The talk about resistance to the broadening of design research from IS design researchers for fear of losing the progress made in its acceptance.

This can be accomplished simply by redefining ISDR outputs as ‘IS design practice relevant artefacts or knowledge directly useful in the construction of IS design practice relevant artefacts’. This position is similar to but expands on Iivari’s proposals for IS research as the exploration of ‘meta-artefacts’ (Iivari, 2002, 2007).

Appears to have some connections to the idea of connecting this with the theory of theories.

Expanding the allowable outputs will allow the richness from other areas while retaining the focus.

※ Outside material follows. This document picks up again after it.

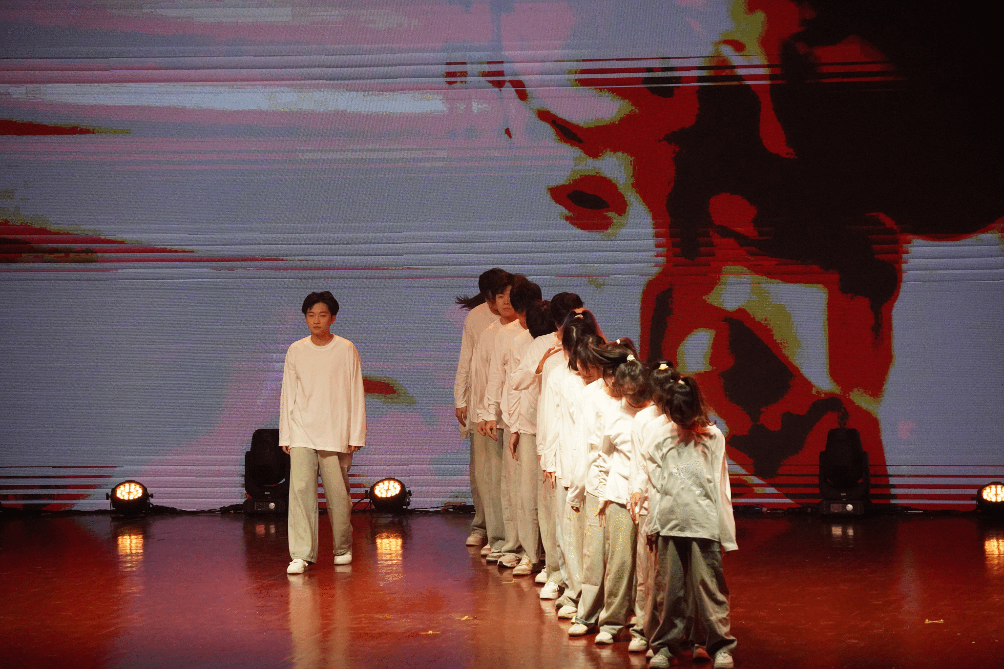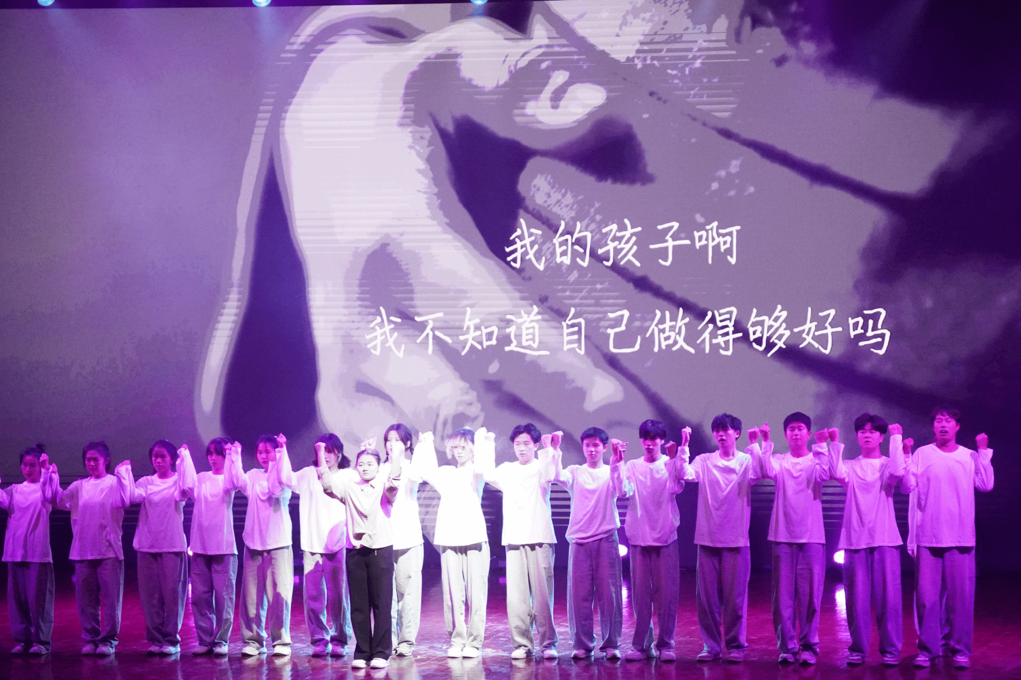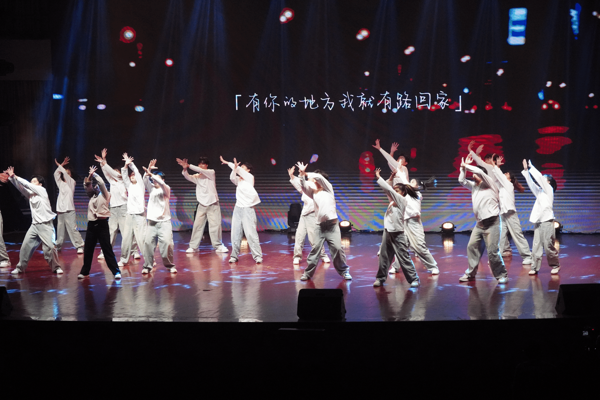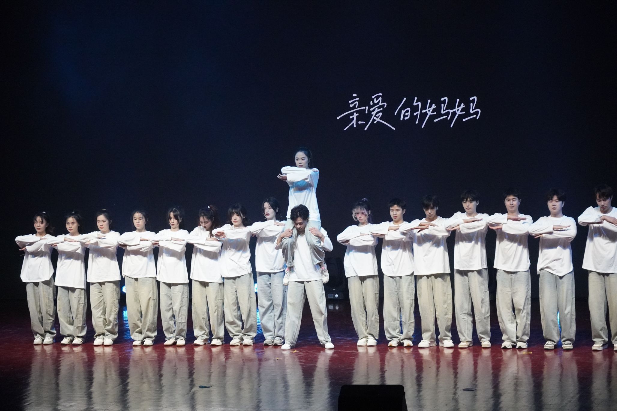 到了上台的时候,这时我们大家都已经非常熟悉了,我们的动作也打磨的很好了,这时的我们已经是一个真正的整体,所以我们已经不害怕、不紧张,因为我们知道旁边是最好的朋友,身后是最可靠的家人,心中想的是最爱的妈妈。我们的心跳是同步的,我们的眼神是坚定的。每一次转身,每一次跳跃,都是我们共同呼吸的证明。随着音乐的最后一个音符缓缓落下,我们的动作在此定格,这是我们呈现给自己和大家的最伟大的作品!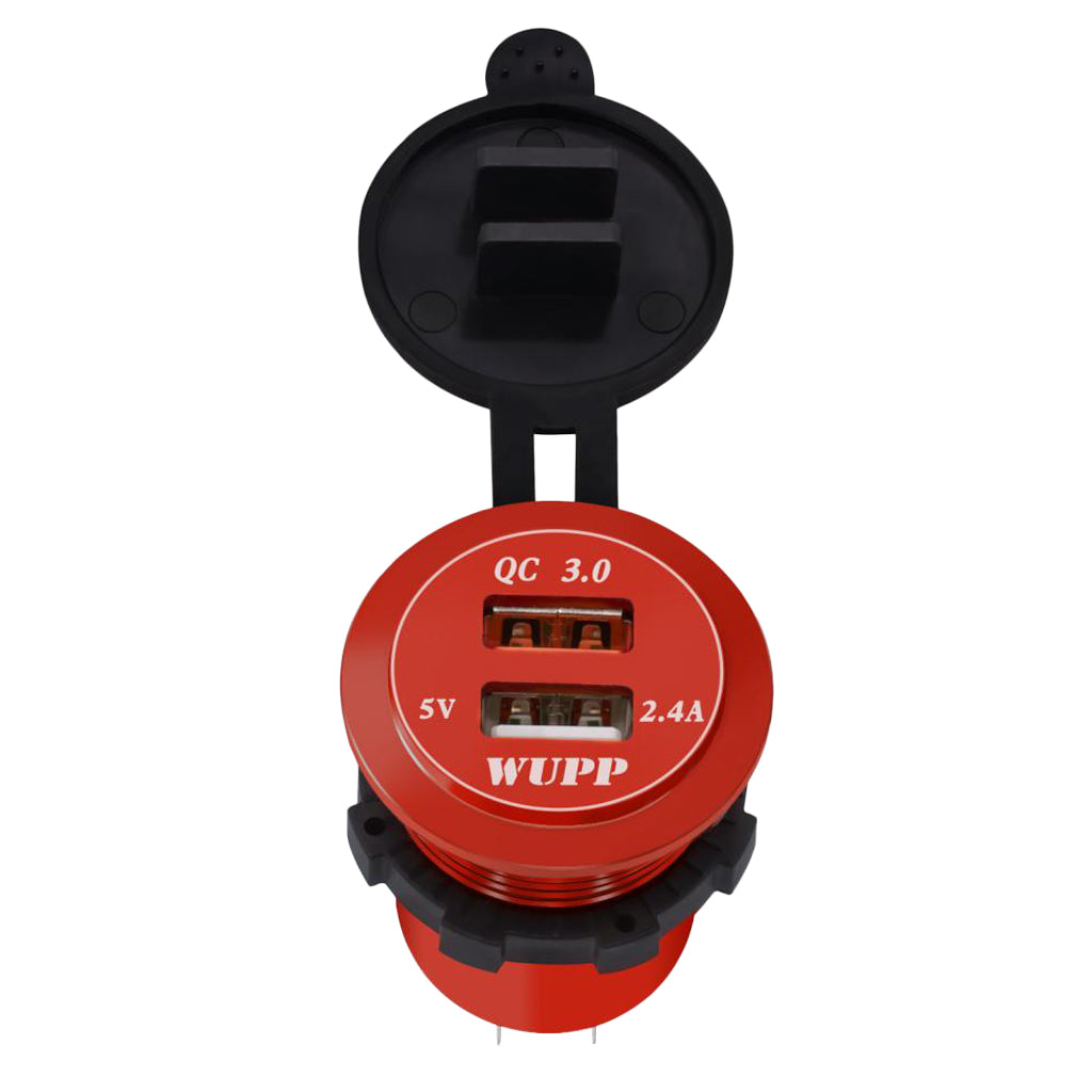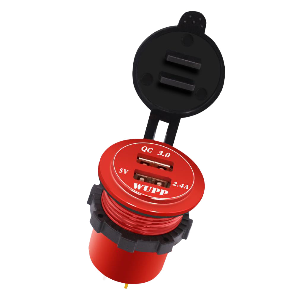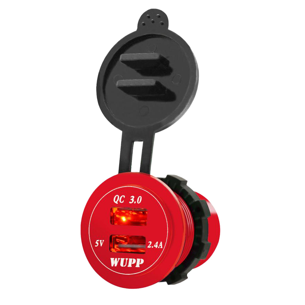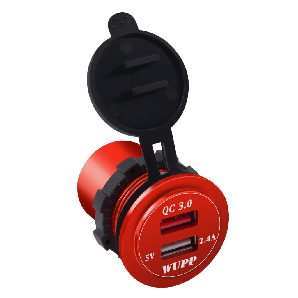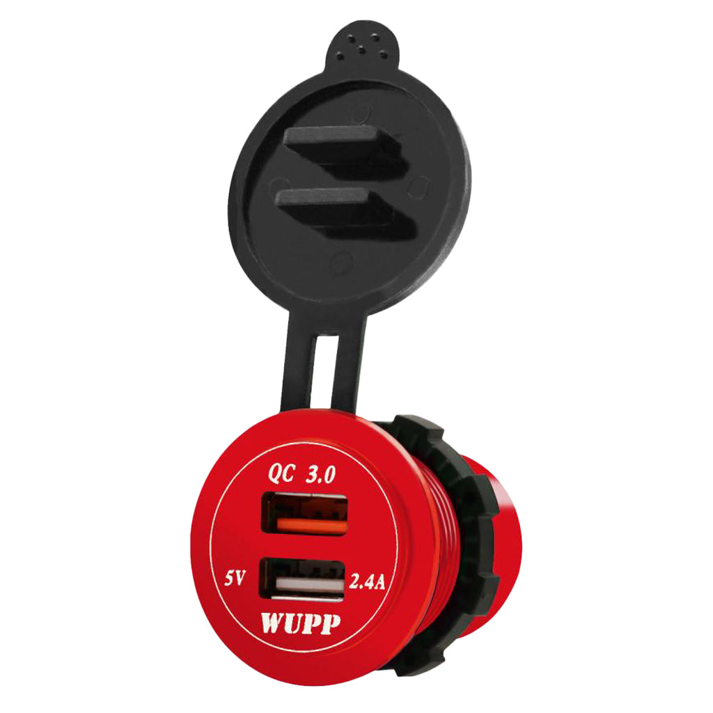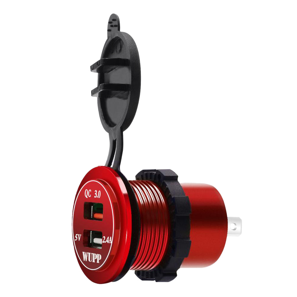 The main car charger is equipped with 5V, 2.4A ports, and an extended charger with Quick Charge 3.0.

Quote Whinston and Geng (2004) as arguing the case for IS being inclusive, rather than exclusive.

Concluding remarks

Hevner et al (2004) give a solid definitional base point from which to evolve. But it lacks any notion of a grounding meta-level. It is still a work in progress.

They wish it to expand in scope to provide the IS field with the full range of benefits that DR has provided for older design-based fields. Suggest ISDR can mature more quickly be taking relevant research and philosophical discussion of older design fields – especially

  • relation to theory in design fields
  • relevance of ‘scientific’ methodologies, ontologies and epistemologies to design (Cross, 2006; Cross et al, 1981)

If the core of information systems is the artefact then surely its heart is increasing understanding of every aspect of the design process by which these artefacts are brought into being.


Bajaj, A., Batra, D., Hevner, A., Parsons, J. and Siau, K. (2005) ‘Systems analysis and design: should we be researching what we teach?’, Communication of the AIS, Vol. 15, pp.478–493.

Cross, N. (2006) Designerly Ways of Knowing, London: Springer.

Cross, N., Naughton, J. and Walker, D. (1981) ‘Design method and scientific method’, in R. Jacques and J.A. Powell (Eds), Design: Science: Method, Guilford, UK: Westbury House, pp.18–29.

Whinston, A. and Geng, X. (2004) ‘Operationalizing the essential role of the information technology artifact in information systems research: grey area, pitfalls and the importance of strategic ambiguity’, MIS Quarterly, Vol. 28, No. 2, pp.149–159.